Deep Learning Based Fast Prediction and Optimization of Aerodynamic Performance for a Propeller with Gurney Flap

High-altitude and long-endurance unmanned air vehicles have placed high demands for the performance of propellers under low Reynolds numbers. Conventional propeller design methods are less efficient, making it difficult to achieve a breakthrough in propulsion efficiency. This paper explores the possibility of extending the Gurney flap on low Reynolds number propellers to achieve efficiency breakthrough. A framework based on deep learning is established to fast predict and optimize the aerodynamic performance of a propeller with Gurney flap, which can quickly obtain the optimal propeller profile airfoil shape, distribution of twist angle, and chord length at different advance ratios. The results show that the surrogate model based on Multi-Task Learning has high prediction precision and efficiency, which can obtain performance parameters within 0.06 s. At different advance ratios, the optimized propellers with Gurney flap have a significant improvement in propulsive efficiency.

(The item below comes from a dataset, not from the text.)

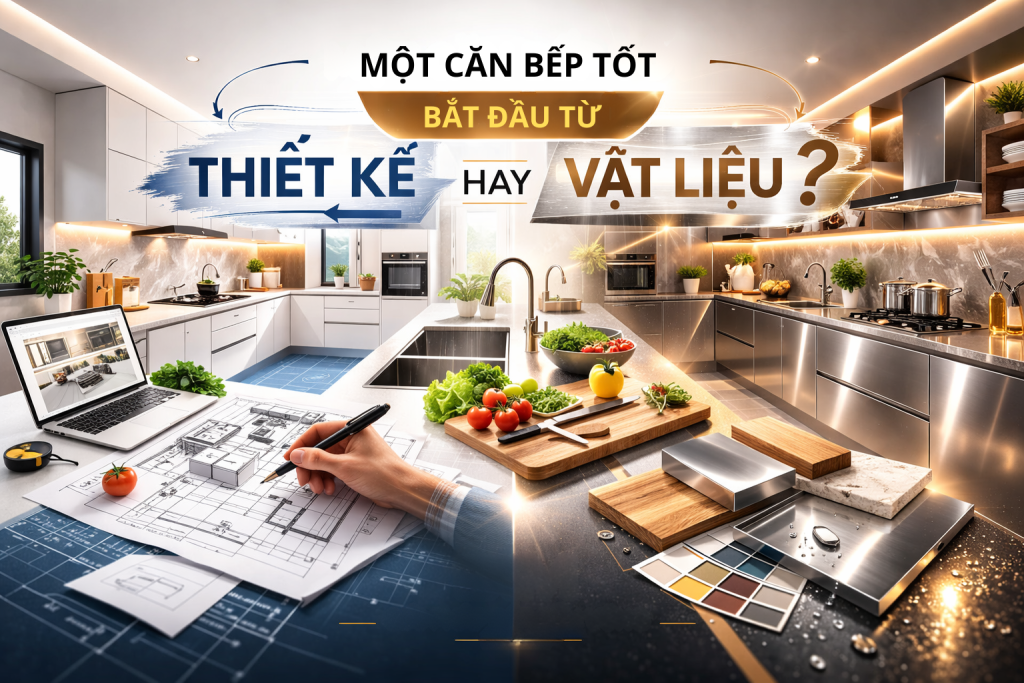 Thực tế, đây không phải là lựa chọn “một trong hai”, mà là sự kết hợp đúng giữa cả hai yếu tố để tạo nên một không gian bếp hoàn chỉnh, bền vững và tiện nghi.

In particular, the optimal propeller with Gurney flap consumes 35.65% less power in cruise at the advance ratio of 0.9, resulting in a propulsion efficiency of 80.74%, an improvement of 11.14% compared to the pre-optimization period. In conclusion, Gurney flaps are important components to enhance propulsion performance for propellers, and propellers with Gurney flaps have better aerodynamic efficiency than propellers without those. This work provides a reference for accurate and efficient design of low Reynolds numbers propellers.